Water is poured into a vessel shaped like a regular triangular prism. The water level reaches 40 cm. At what height will the water level be if it is poured into another vessel of the same shape, whose base side is twice that of the first? Express your answer in centimeters.

Show Solution

Decision

Let a be the side of the base of the first vessel, then 2 a is the side of the base of the second vessel. By condition, the volume of liquid V in the first and second vessel is the same. Denote by H the level to which the liquid has risen in the second vessel. Then V= \frac12\cdot a^2\cdot\sin60^(\circ)\cdot40= \frac(a^2\sqrt3)(4)\cdot40, and, V=\frac((2a)^2\sqrt3)(4)\cdot H. From here \frac(a^2\sqrt3)(4)\cdot40=\frac((2a)^2\sqrt3)(4)\cdot H, 40=4H, H=10.

Answer

Source: "Mathematics. Preparation for the exam-2017. profile level. Ed. F. F. Lysenko, S. Yu. Kulabukhova.

Job type: 8
Theme: Prism

Condition

In a regular hexagonal prism ABCDEFA_1B_1C_1D_1E_1F_1 all edges are 2 . Find the distance between points A and E_1 .

Show Solution

Decision

Triangle AEE_1 is right-angled, since edge EE_1 is perpendicular to the plane of the base of the prism, angle AEE_1 will be a right angle.

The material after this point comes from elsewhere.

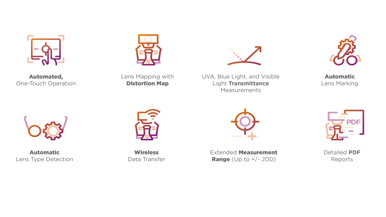Z enim dotikom SOLOS samodejno pozicionira vsako lečo, zazna vrsto leče in izvede obsežne meritve obeh leč znotraj okvirja za očala. Rezultate meritev lahko pošljete na vgrajeni tiskalnik ali jih izvozite v EMR, Topconov digitalni foropter CV-5000S ali binokularni refrakcijski sistem Chronos.

Then by the Pythagorean theorem AE_1^2 = AE^2 + EE_1^2. Find AE from the triangle AFE using the cosine theorem. Each interior angle of a regular hexagon is 120^(\circ). Then AE^2= AF^2+FE^2-2\cdot AF\cdot FE\cdot\cos120^(\circ)= 2^2+2^2-2\cdot2\cdot2\cdot\left (-\frac12 \right).

Hence, AE^2=4+4+4=12,

AE_1^2=12+4=16,

AE_1=4.

Answer

Source: "Mathematics. Preparation for the exam-2017. profile level. Ed. F. F. Lysenko, S. Yu. Kulabukhova.

Job type: 8
Theme: Prism

Condition

Find the area of ​​the lateral surface of a straight prism whose base is a rhombus with diagonals equal to 4\sqrt5 and 8 , and a side edge equal to 5 .

Show Solution

Decision

The area of ​​the lateral surface of a straight prism is found by the formula S side. = P main. · h = 4a\cdot h, where P main. and h, respectively, the perimeter of the base and the height of the prism, equal to 5, and a is the side of the rhombus. Let's find the side of the rhombus, using the fact that the diagonals of the rhombus ABCD are mutually perpendicular and the intersection point is divided in half.